Twitter (TWTR) almost pulled off this same thing today. The stock was flying in the morning because there was actually a trajectory of daily averages users that was positive. You see Twitter was supposed to report a horrendous number, part of the whole process by which it didn't get sold. Amid all of the other rancor and bad will that developed during a process that played out way too publicly was a belief that when the company reported it would deliver sales and metrics so disappointing that it would go right back to the $14 level before all over the take-over hoopla started.
But it didn't. It just wasn't the most disgustingly terrible quarter that investors thought. It looked like the stock was going to break out for good. However, we learned that it was shutting Vine, something that at one point speculators thought would be the reason for someone to acquire the company, so the pre-earnings desperation came right back to life.
My take? It genuinely wasn't as bad a quarter as I know I thought they were going to do. They did beat on both revenue and earnings. Plus, I think that this number makes it more likely that Twitter can come back into play, especially if they develop something that can use machine learning to actually knock off the trolls. They do that and I am telling you that buyers will come back and this company will be owned by someone else who can use all of the data to help companies make better decisions about what consumers want and where their dollars could best be spent.

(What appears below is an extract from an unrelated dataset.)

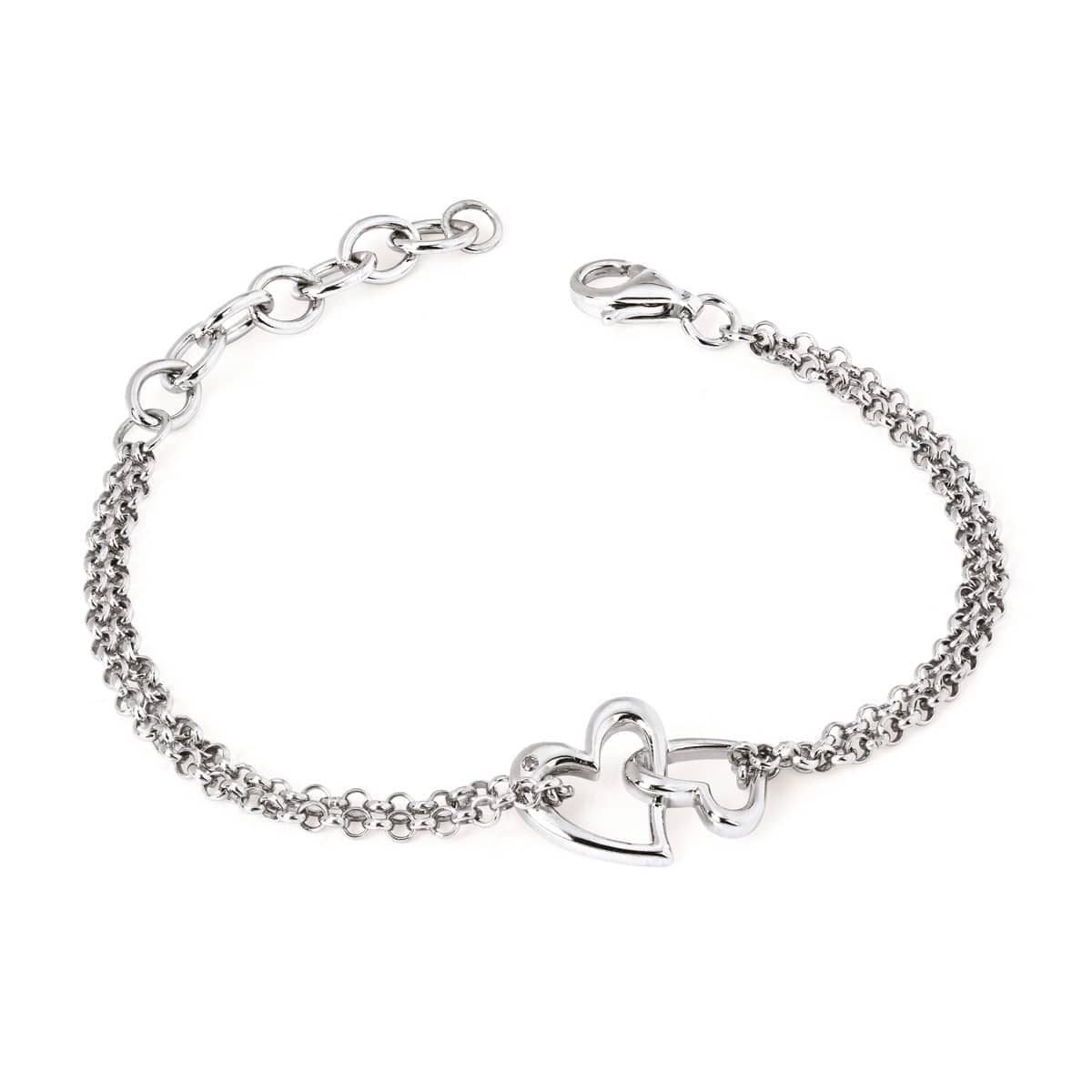 Sterling Silver Double Heart Bracelet with Double Chain and One 0.01Ct Round Diamond. A classic and timeless piece great for layering or wearing by itself.

But it is a one-two punch. They have to fix the troll problem -- which I think they are -- and then they have to keep the process quieter. It got totally out of hand last time to the point where it became $29 or bust and the company's not liked that much that a buyer's stock won't be crushed for making a bid.
I think that the discipline of closing Vine and chopping heads while at the same time showing some growth is going to make Twitter more attractive to buyers, but not until the troll problem is buried and done with because the shareholders of whoever might make a bid despise Twitter for its inability to tamp the hate even as they can't keep their eyes off it to see what's happening.
Finally, there are companies that recognize that they can change the coloration of what people think about them and manage to see their stocks soar.
For years now Qualcomm (QCOM) , the company that develops intellectual property integral to the modern-day cellphone, just kept disappointing Wall Street. Management, which is very pro shareholder, was besides itself. How the heck does a company like that make Wall Street see that it isn't as bad as they think it is?
How about by making an acquisition that in one fell swoop changes its stripes from a so-so cellphone chip company with oodles of cash overseas that can't be brought back without confiscatory taxes being paid into an internet of things and automobile semiconductor company with some terrific cellphone technology? That's what happened today when we learned that Qualcomm were plunking down $47 billion to buy NXP Semiconductor NXPI, a foreign-domiciled company and one of our favorite companies owned by my charitable trust, Action Alerts PLUS.
The fact that NXP Semiconductor is foreign domiciled allowed Qualcomm to take that deadweight cash and put it to work without taxes while borrowing cheap foreign money to pay for the rest. That's how the acquirer's stock could leap two and a half dollars while NXP's stock barely budged!
Yep, not being as bad as we thought, not being as bad as we were getting used to. That's become a time-honored way in this difficult market to drive your stock higher. Why bother to look through it? The darned strategy's working.